## What to do
Could the listing below be returned exactly, with its pictures left out?

## Task material
_ _ _ _ _ _ _

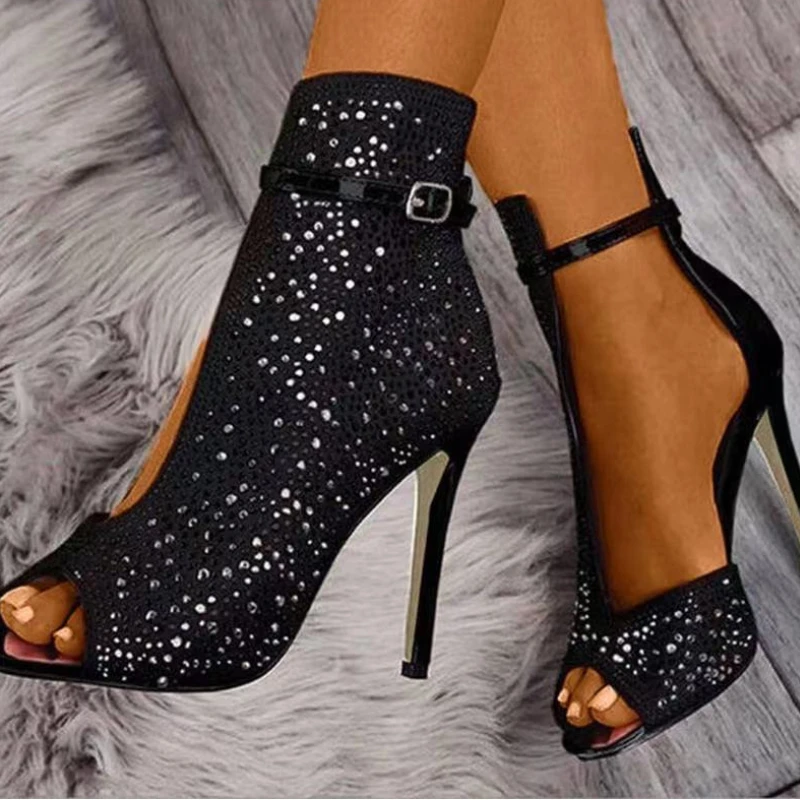 сапоги женские туфли женские 2022 тренд туфли на каблуке Стразы, летние женские ботильоны на высоком каблуке, Модные ботильоны с открытым нос...
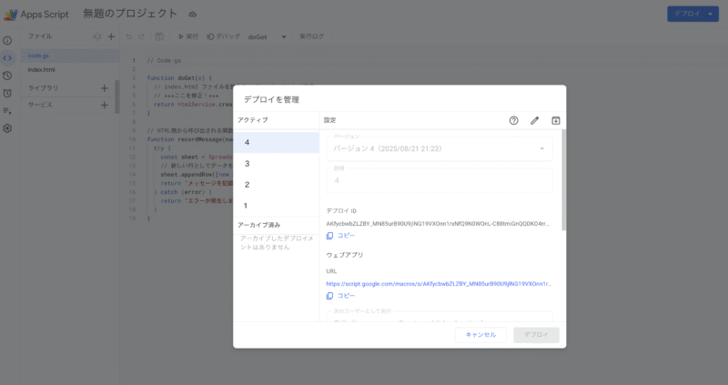 Code.gs ファイル全体が以下のようになっていることを確認してください。codeJavaScript
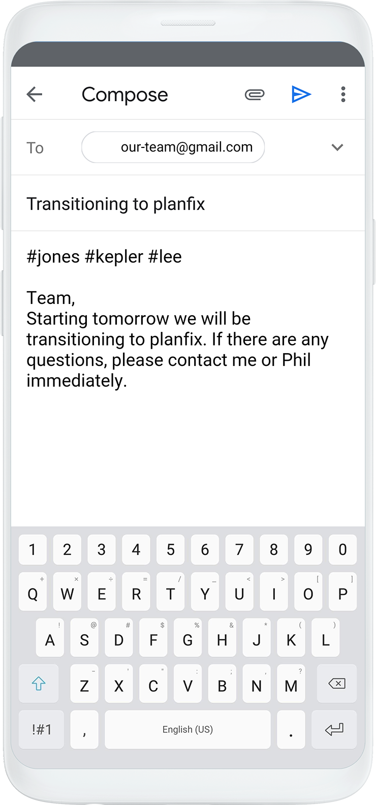 CRM and email integration allows you to connect certain employees to tasks as assignees — such as employees whose last names are mentioned in the subject line or body of emails. This lets you seamlessly and easily create tasks from client emails and link the colleagues who need to process them.
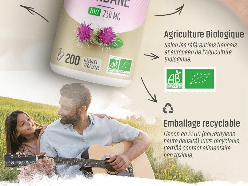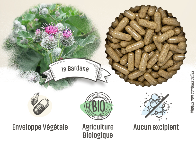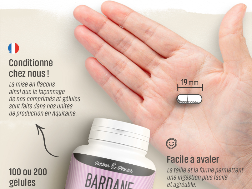 En optant pour ces gélules de bardane bio, vous vous assurez de choisir un complément alimentaire de grande qualité. La bardane que nous utilisons dans notre produit est d'origine biologique. Ce sont les racines de la plante, riches en actifs naturels, qui sont réduites en poudre avant d'être encapsulées. Pour finir, le dosage de nos gélules vous permet une utilisation sécurisée et idéale. Trois comprimés, et le tour est joué !
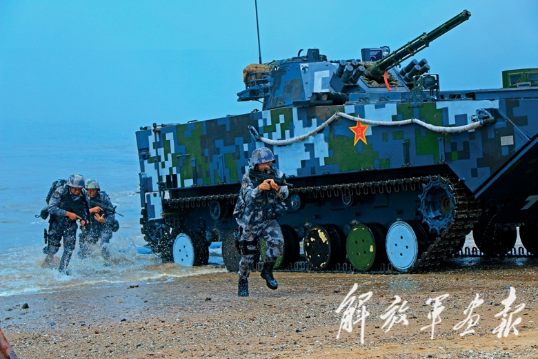 近日,海軍陸戰(zhàn)隊(duì)某旅一場連戰(zhàn)術(shù)綜合演練在膠東半島某綜合訓(xùn)練場火熱展開。水際灘頭,該旅“模范黨支部連”官兵沖鋒在前,率先向?yàn)╊^陣地發(fā)起沖擊。黨員骨干分組帶領(lǐng)官兵對(duì)前沿障礙實(shí)施爆破,順利為步戰(zhàn)車開辟通路,將紅旗插上“敵”方陣地。
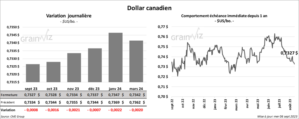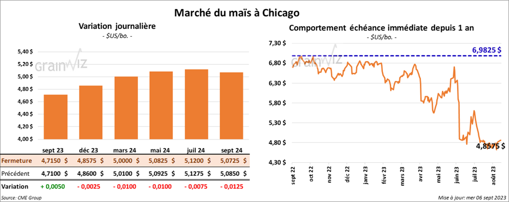 Le contrat de maïs US sept. 23 a clôturé à 4,7150 $ (+ ½ cent). Celui déc. 23 a fermé à 4,8575 $ (- ¼ cent). Celui mars 24 a terminé à 5,0000 $ (- 1 cent).
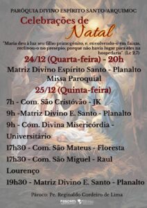 A Igreja, com sabedoria, convida os fiéis a contemplarem este mistério de forma profunda e orante, por meio das diversas celebrações litúrgicas do Natal, que se estendem da Vigília (24 de dezembro) à Solenidade do Natal (25 de dezembro), com Missas próprias que ajudam a saborear, quase “em câmara lenta”, o Acontecimento que mudou o curso da história: o Verbo se fez carne e habitou entre nós.
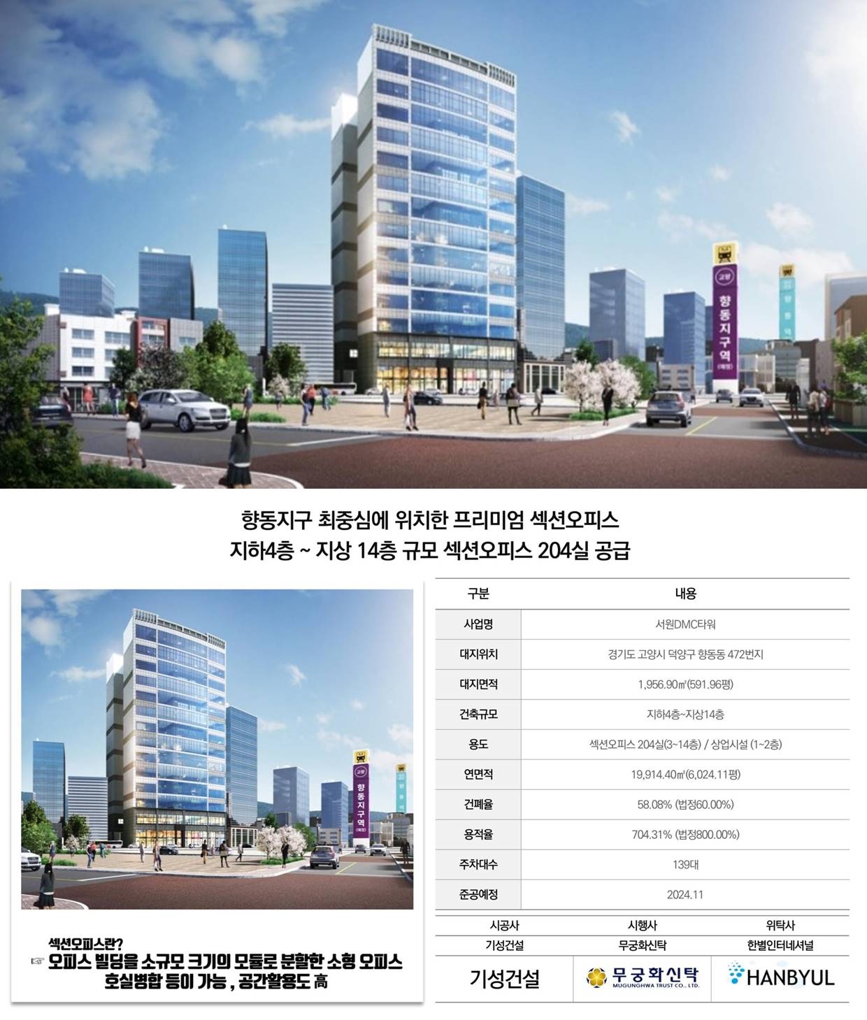 향동지구 내에서도 입구에 위치하여 접근성이 뛰어나며 지하 3층부터 지상 14층까지 이어지는 웅장한 규모를 자랑합니다.
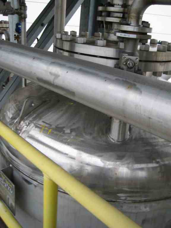 Used Steel Pro approximately 2,000 Gal. vertical 316 stainless steel tank. 5’ Diameter x 12’ straight side. With dished top and bottom heads. Rated 14.5 PSIG/Full Vacuum internal. On legs. Built 2001. S/N, 13874-D. Plant Estimated Weight 5930#.
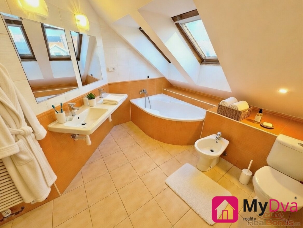 - Podkroví ? klidová zóna: koupelna s vanou, sprchovým koutem, dvojitým umyvadlem, WC a bidetem. Dále ložnice s klimatizací, další pokoj a samostatná šatna s vestavnou skříní. Ze šatny je vstup do půdního prostoru ? díky třem střešním oknům je možné ho v budoucnu využít jako pracovnu.
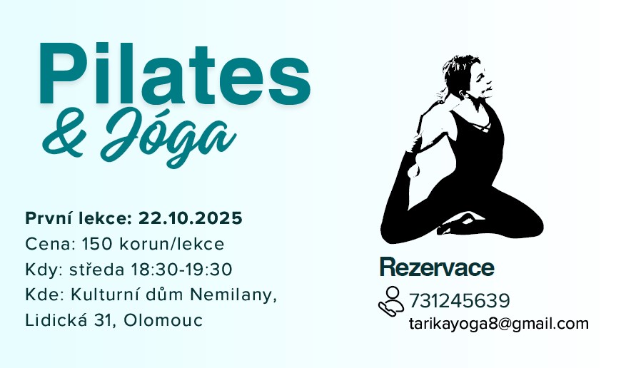 Od 22. 10. 2025, každou středu od 18:30 do 19:30, si můžete s paní Táňou přijít zacvičit Pilates. 🌿

_ _ _ _ _ _ _

## Result for this exercise
 сапоги женские туфли женские 2022 тренд туфли на каблуке Стразы, летние женские ботильоны на высоком каблуке, Модные ботильоны с открытым нос...
 Code.gs ファイル全体が以下のようになっていることを確認してください。codeJavaScript
 CRM and email integration allows you to connect certain employees to tasks as assignees — such as employees whose last names are mentioned in the subject line or body of emails. This lets you seamlessly and easily create tasks from client emails and link the colleagues who need to process them.
 En optant pour ces gélules de bardane bio, vous vous assurez de choisir un complément alimentaire de grande qualité. La bardane que nous utilisons dans notre produit est d'origine biologique. Ce sont les racines de la plante, riches en actifs naturels, qui sont réduites en poudre avant d'être encapsulées. Pour finir, le dosage de nos gélules vous permet une utilisation sécurisée et idéale. Trois comprimés, et le tour est joué !
 近日,海軍陸戰(zhàn)隊(duì)某旅一場連戰(zhàn)術(shù)綜合演練在膠東半島某綜合訓(xùn)練場火熱展開。水際灘頭,該旅“模范黨支部連”官兵沖鋒在前,率先向?yàn)╊^陣地發(fā)起沖擊。黨員骨干分組帶領(lǐng)官兵對(duì)前沿障礙實(shí)施爆破,順利為步戰(zhàn)車開辟通路,將紅旗插上“敵”方陣地。
 Le contrat de maïs US sept. 23 a clôturé à 4,7150 $ (+ ½ cent). Celui déc. 23 a fermé à 4,8575 $ (- ¼ cent). Celui mars 24 a terminé à 5,0000 $ (- 1 cent).
 A Igreja, com sabedoria, convida os fiéis a contemplarem este mistério de forma profunda e orante, por meio das diversas celebrações litúrgicas do Natal, que se estendem da Vigília (24 de dezembro) à Solenidade do Natal (25 de dezembro), com Missas próprias que ajudam a saborear, quase “em câmara lenta”, o Acontecimento que mudou o curso da história: o Verbo se fez carne e habitou entre nós.
 향동지구 내에서도 입구에 위치하여 접근성이 뛰어나며 지하 3층부터 지상 14층까지 이어지는 웅장한 규모를 자랑합니다.
 Used Steel Pro approximately 2,000 Gal. vertical 316 stainless steel tank. 5’ Diameter x 12’ straight side. With dished top and bottom heads. Rated 14.5 PSIG/Full Vacuum internal. On legs. Built 2001. S/N, 13874-D. Plant Estimated Weight 5930#.
 - Podkroví ? klidová zóna: koupelna s vanou, sprchovým koutem, dvojitým umyvadlem, WC a bidetem. Dále ložnice s klimatizací, další pokoj a samostatná šatna s vestavnou skříní. Ze šatny je vstup do půdního prostoru ? díky třem střešním oknům je možné ho v budoucnu využít jako pracovnu.
 Od 22. 10. 2025, každou středu od 18:30 do 19:30, si můžete s paní Táňou přijít zacvičit Pilates. 🌿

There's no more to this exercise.